Mehrmals am Tag schlägt auf einer Freiluftbühne die Stunde des „Giganten der sieben Meere“, eines riesigen ockerfarbenen Monstrums aus Metall und Pappmaschee. Die Show, die um das Thema Meeresverschmutzung kreist, bietet allerdings einen etwas konfusen Mix aus Gesellschaftskritik und akrobatischen Schauwerten. Sollen die Artisten, die auf knatternden Motorrädern über die Bühne heizen, als Öko-Buhmänner vorgeführt werden? Oder dienen ihre halsbrecherischen Darbietungen primär der Unterhaltung der großen und kleinen Kinder im Publikum? Wahrscheinlich beides.

Klarer ist da schon die Botschaft der bekannten katalanischen Theatergruppe „Els Comediants“, die ebenfalls mehrfach am Tag aufspielt. Ihr naiv-melancholisches Spektakel „Der Baum der Erinnerung“ spielt in einer nicht allzu fernen Zukunft: Die wenigen Überlebenden einer globalen Apokalypse basteln und nageln sich aus Trümmern einen Baum zusammen. Vor den Augen des Publikums entsteht ein wundersames Artefakt mit Blättern aus durchlöcherten smaragdgrünen Schirmchen.
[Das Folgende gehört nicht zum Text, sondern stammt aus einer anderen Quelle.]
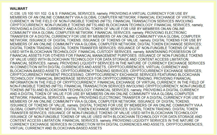 Walmart submitted one trademark application with the USPTO. The applications were filed on December 30, 2021, by the retail behemoth.

Zum Schluss wehen handgepinselte Banderolen im Wind. Auf ihnen stehen in mehreren Sprachen Worte wie „Dialog“, „Freiheit“ und „Zärtlichkeit“. Fast könnte man den „Baum der Erinnerung“ als Metapher für den Charme und die gleichzeitige Begrenztheit all dessen sehen, was nicht organisch gewachsen, sondern lediglich dem Leben nachempfunden ist.

So auch das Forum: ein gigantisches Unterfangen, von oben geplant und gut gemeint. Nun soll der schöpferische Funke überspringen. An Angeboten für fast sämtliche Interessengebiete mangelt es keinesfalls. Allein schon die Ausstellungen auf dem Forumsgelände reißen eine Fülle von Themen an: von der Grabkunst chinesischer Krieger der Xi’an-Ära bis hin zu den Demonstrationen gegen den Irakkrieg, von globaler Sprachenvielfalt bis hin zu Tätowierungskunst, von so genanntem ethischem Banking bis hin zum Leben in den Megastädten des 21. Jahrhunderts.

Die meisten Ausstellungen sind hervorragend aufgemacht und politisch hyperkorrekt. Bei einigen wenigen ist allerdings der Einfluss der Ko-Sponsoren des Forums aufdringlich zu spüren: So hat Toyota einen ganzen Pavillon zur Verfügung, um seine Prototypen eines „ökologisch nachhaltigen“ mit Wasserstoff angetriebenen Autos zu präsentieren, darunter auch mehrere Rennwagen.

Gleich nebenan dagegen wird in der visuell und didaktisch höchst beeindruckenden Ausstellung „Die Welt bewohnen“ für eine Abkehr von der Verschwendungsgesellschaft geworben: Unter anderem gibt es eine Multimedia-Installation, in der simuliert wird, wie sich eine vom Verkehr verstopfte Kreuzung in ein autofreies Idyll verwandelt.

Das kommt an: Seit Forumsbeginn Mitte Mai wurden bereits über eine Million Eintrittskarten verkauft.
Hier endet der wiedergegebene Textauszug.